A three-judge panel from the Ninth US Circuit cited a 1997 appeals court decision upholding the affirmative action ban, which led to a sharp decline in minority enrollment at California state universities.
A federal appeals court on Monday left intact California’s ban on race-based affirmative action as a means to boost the ranks of minority students in the state university system, throwing out a lawsuit that sought to overturn the policy.
In turning the lawsuit aside, a three-judge panel of the Ninth US Circuit Court of Appeals cited a 1997 appeals court decision that upheld the constitutionality of the prohibition.
California voters approved the ban, Proposition 209, in 1996. The state-wide ballot initiative amended the state’s constitution to read in part: “The state shall not discriminate against, or grant preferential treatment to, any individual or group on the basis of race, sex, color, ethnicity, or national origin in the operation of public employment, public education, or public contracting.”
The amendment forced the University of California to end its long-standing affirmative action programs, and, instead, rely on race-neutral admissions mechanisms.
The action was challenged by several individuals and groups alleging the measure violated equal protection guarantees of the 14th Amendment.

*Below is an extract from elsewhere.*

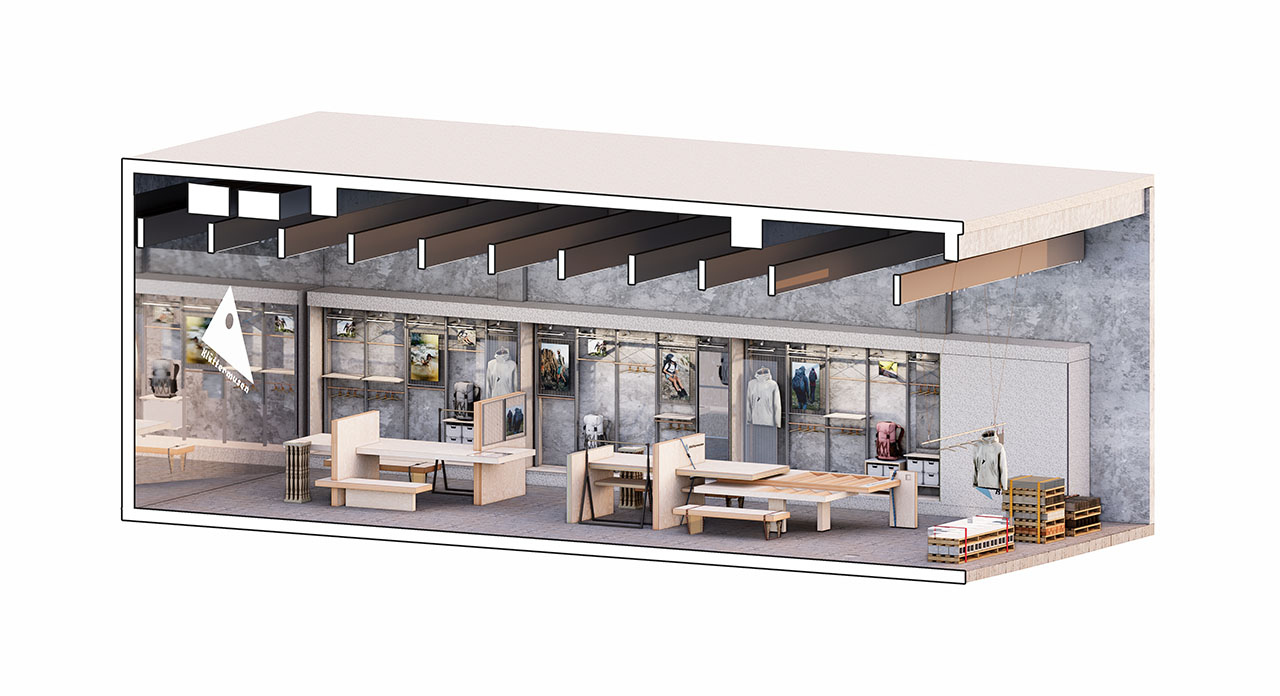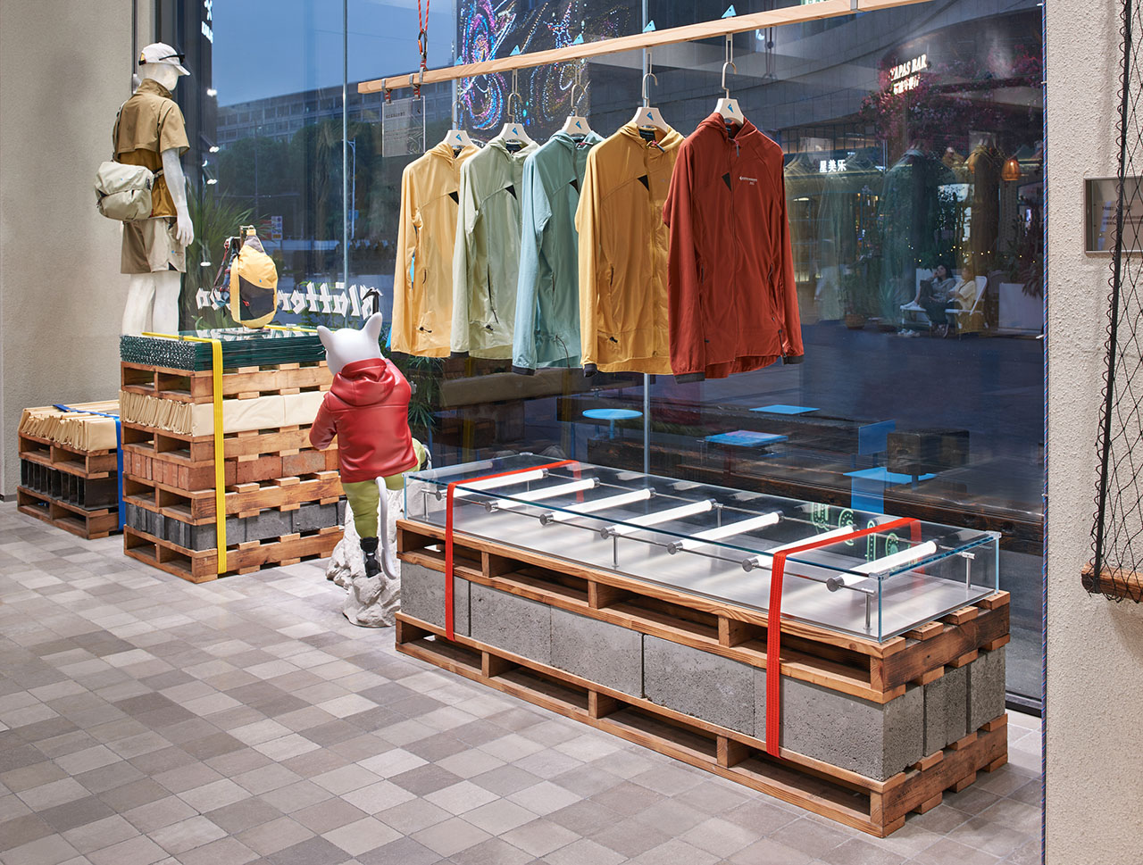 橱窗展示道具由红砖、工字钢、木栈板、帆布等城建废弃物组成,践行品牌环保理念。城市建设废品再利用的设计策略,超越了可持续发展的自然保护层面,更是一种集体记忆的守护,折射出城市的飞速发展。

The court disagreed, and dismissed the suit 15 years ago.
In an effort to boost minority enrollment, the university system adopted a procedure of admitting the top four percent of graduates from any California high school. It also decreased the weight applied to standardized tests. But those policies did not compensate for the end of affirmative action, which led to a 50 percent reduction in minority enrollment. The new policies have increased minority enrollment, but not enough, opponents of Prop. 209 say.